Step 3: Mix Wet Ingredients
In a separate bowl, mash the ripe banana until smooth. Add:
- Olive oil or avocado oil
- Maple syrup or honey
- Egg (or flax egg)
- Vanilla extract
Stir well until fully blended.
Step 4: Combine Wet and Dry
Slowly pour the wet mixture into the dry ingredients. Stir gently with a spatula or wooden spoon until well combined. Do not overmix.
If using any optional ingredients (nuts, raisins, or chocolate chips), fold them in now.
Step 5: Scoop and Shape
Using a spoon or cookie scoop, drop tablespoon-sized portions onto the prepared baking sheet. Slightly flatten each cookie with the back of the spoon since they won’t spread much during baking.
Step 6: Bake
Place the baking sheet in the oven and bake for 12–14 minutes, or until the edges turn golden brown.
Step 7: Cool and Store
Remove from the oven and let the cookies cool on the sheet for 5 minutes before transferring them to a wire rack.
Store in an airtight container at room temperature for up to 4 days, or refrigerate for up to a week.
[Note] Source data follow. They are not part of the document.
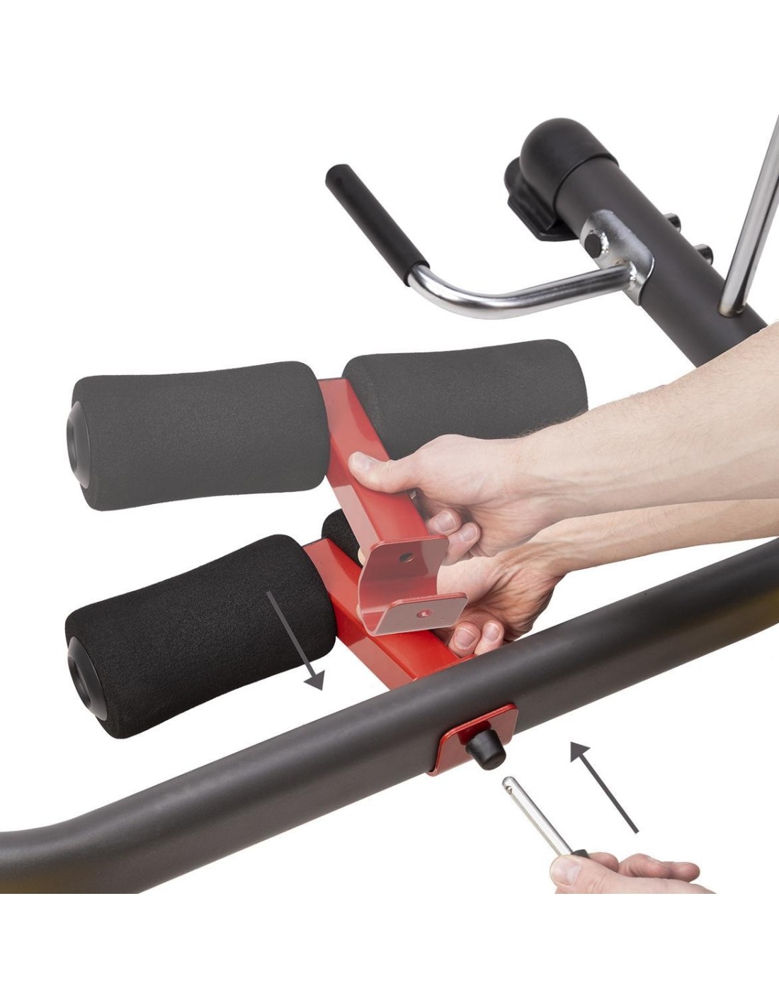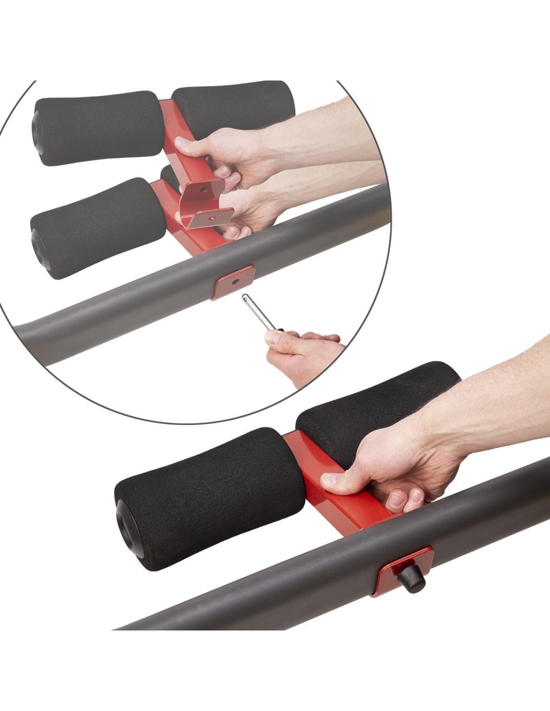 Za pomocą suwnicy można wykonywać ćwiczenia zarówno na dolne, jak i górne partie mięśni, ponieważ sprzęt jest przystosowany również do treningu z ławeczką. Klasyczne przysiady, wypady, wyciskanie na ławce i wiele innych, ale to nie wszystko w przypadku X3. Urządzenie posiada dodatkowo zamontowane podpórki do pompek oraz specjalny uchwyt na nogi, który pozwoli Ci na uginanie w pozycji leżącej. Takie rozwiązanie pozwoli Ci uwzględnić w treningu mięśnie brzucha i klatki piersiowej, jednocześnie obciążając własne ciało.
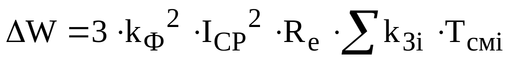 Якщо середній струм визначається для найбільш завантаженої зміни, то втрати електроенергії у лінії визначаються за формулою:
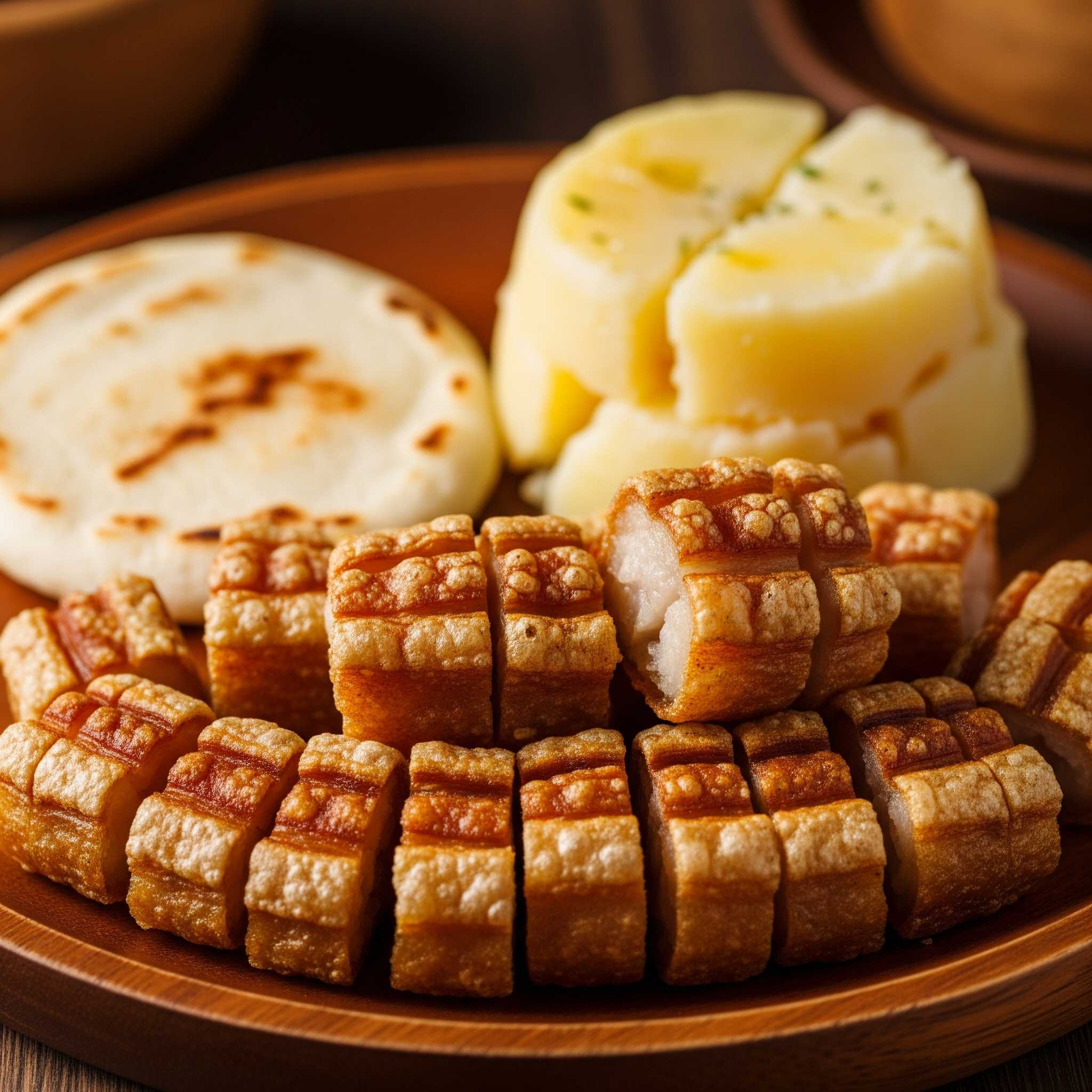 Chicharrón al barril, con 400gr de proteína, acompañado de papa al vapor, maduro y salsa de la casa.

You can also freeze them for up to 2 months.
💡 Tips for Best Results
- Go vegan: Use a flax egg (1 tbsp ground flax + 3 tbsp water) instead of a regular egg.
- Boost fiber: Add 2 tbsp of chia seeds or psyllium husk for extra cholesterol-lowering benefits.
- Watch sugar: If you’re sensitive to sugar, reduce the maple syrup to 2 tbsp and add an extra half banana.
❤️ Final Thoughts
These “Lower My Cholesterol Oatmeal Cookies” are proof that you don’t have to sacrifice flavor for health. With each chewy, satisfying bite, you’re giving your body nutrients that actively support heart health and lower harmful cholesterol. Perfect as a snack, post-meal treat, or even a breakfast cookie — enjoy them knowing you’re taking care of your heart one bite at a time.